Francken laisse une famille sous les bombes à Alep

Francken refuse obstinément d'accorder un visa humanitaire à une famille d'Alep en Syrie, afin de lui permettre de venir légalement en Europe et d'y demander l'asile. Une décision de justice l'y oblige pourtant, dans le cadre des obligations internationales de la Belgique.

Les combats font rage en ce moment à Alep, principal champ de bataille en Syrie, faisant de nombreuses victimes civiles, dont des enfants. Dimanche 30 octobre, les locaux de l'ONU étaient également pris pour cible. Mohamed et Bouchra ainsi que leurs deux enfants de 8 et 5 ans Taima et Omar tentent désespérément de quitter la région pour venir en Belgique. La famille y a des amis qui n'attendent que de pouvoir les accueillir chez eux, à leurs frais. Coût pour l'Etat belge : 0 euros. Mais malgré la situation dramatique dans laquelle se retrouve cette famille à Alep, le secrétaire d'Etat à l'Asile et à la Migration Théo Francken refuse obstinément de leur octroyer un visa humanitaire, ce qui leur permettrait de venir légalement en Belgique et d'y déposer une demande d'asile en bonne et due forme.

Francken refuse de délivrer un visa humanitaire

Si la Convention de Genève donne le droit à chaque personne de fuir son pays en guerre afin de demander protection dans un autre pays que le sien, il est réalité presque impossible de se rendre légalement en Europe pour venir y déposer sa demande d'asile. C'est d'ailleurs la raison pour laquelle la grande majorité des réfugiés se voient obligés de faire appel à des passeurs pour venir en Europe, et tenter la dangereuse traversée de la Méditerranée.

Par peur que les enfants se noient, Mohamed et Bouchra ont cependant préféré faire une demande de visa humanitaire afin de pouvoir se rendre légalement et en toute sécurité depuis le Liban jusqu'en Belgique, et d'y déposer une demande d'asile. Francken et l'Office des Etrangers possèdent en effet la compétence discrétionnaire de pouvoir accorder un visa humanitaire à des personnes dans des situations humanitaires graves. 

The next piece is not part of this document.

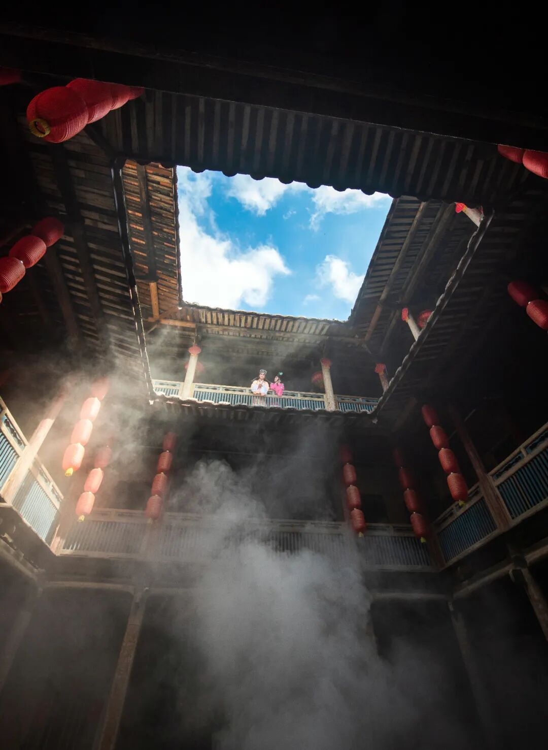 位于园庄镇东石村,土楼称“亦可楼”,呈方形,土木结构,高三层,墙壁最厚1.24米,用三合土夯筑,占地面积约1600平方米,是仙游县目前保留最为完整的一座清代土楼。(摄影/张颖)
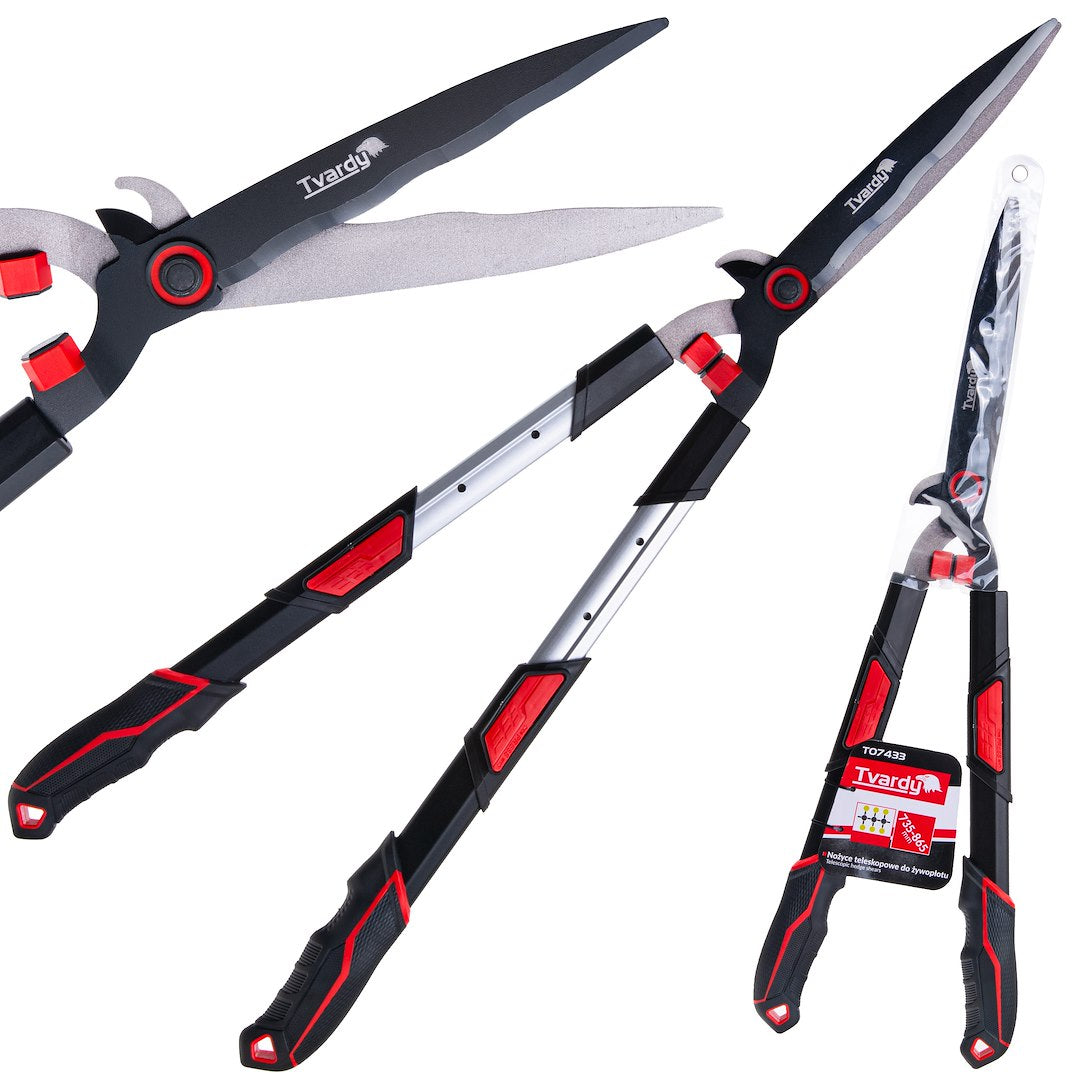 Aceste masini de tuns gard viu telescopice cu o lama ondulata din PTFE de 735-865 mm functioneaza confortabil, precis si fara a rupe plantele.

Mais malgré la situation d’urgence absolue de cette famille, l’Office des étrangers a refusé par trois fois de délivrer les visas humanitaires à cette famille, sans même les motiver. Les recours introduits ont abouti à trois arrêts du Conseil du contentieux des étrangers suspendant ces décisions de refus et enjoignant finalement l’État belge à délivrer les visas dans les 48h. L’État belge n’ayant pas obtempéré, une ordonnance du Tribunal de première instance l’a obligé à exécuter la décision de justice. Rien n’y fait, Théo Francken s’obstine à refuser.

Keyser Francken

« Je ne me laisserai pas impressionner, les autorités doivent avoir le dernier mot »1 affirmait Théo Francken le 27 octobre dernier en séance plénière.

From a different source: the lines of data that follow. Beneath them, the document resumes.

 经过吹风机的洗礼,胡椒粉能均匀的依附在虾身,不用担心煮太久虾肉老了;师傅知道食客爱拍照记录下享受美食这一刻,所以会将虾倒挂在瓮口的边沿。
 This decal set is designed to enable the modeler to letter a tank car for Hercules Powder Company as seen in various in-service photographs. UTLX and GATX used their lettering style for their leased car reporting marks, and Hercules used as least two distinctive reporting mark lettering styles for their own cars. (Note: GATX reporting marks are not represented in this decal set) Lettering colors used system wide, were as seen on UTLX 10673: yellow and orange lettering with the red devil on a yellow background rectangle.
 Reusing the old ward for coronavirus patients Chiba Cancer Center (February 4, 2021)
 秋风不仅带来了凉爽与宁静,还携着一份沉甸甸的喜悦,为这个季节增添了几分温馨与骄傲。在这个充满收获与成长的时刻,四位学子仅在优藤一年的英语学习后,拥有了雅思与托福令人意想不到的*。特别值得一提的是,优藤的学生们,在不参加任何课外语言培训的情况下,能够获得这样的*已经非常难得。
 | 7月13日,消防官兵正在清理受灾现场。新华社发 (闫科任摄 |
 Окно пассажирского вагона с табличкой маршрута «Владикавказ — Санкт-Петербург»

Ce n'est pourtant rien de moins que le pouvoir judiciaire que Francken entend ici ne pas respecter. Dans le cas qui nous occupe à présent, c'est afin de respecter les obligations internationales de la Belgique en matière de droits humains que le pouvoir judiciaire oblige l’État belge à accorder un visa humanitaire à cette famille. L'existence de ces droits et la séparation des pouvoirs sont justement là pour protéger les individus du potentiel arbitraire des autorités. Mais les droits humains « n'impressionnent pas » Francken...

L'attitude de Théo Francken est finalement peu étonnante, lorsqu'on sait qu'il écrivait déjà dans son livre en 2012 que « nous avons besoin de politiciens forts qui osent affroter le diktat des [...] avocats [...] et des ONG »234.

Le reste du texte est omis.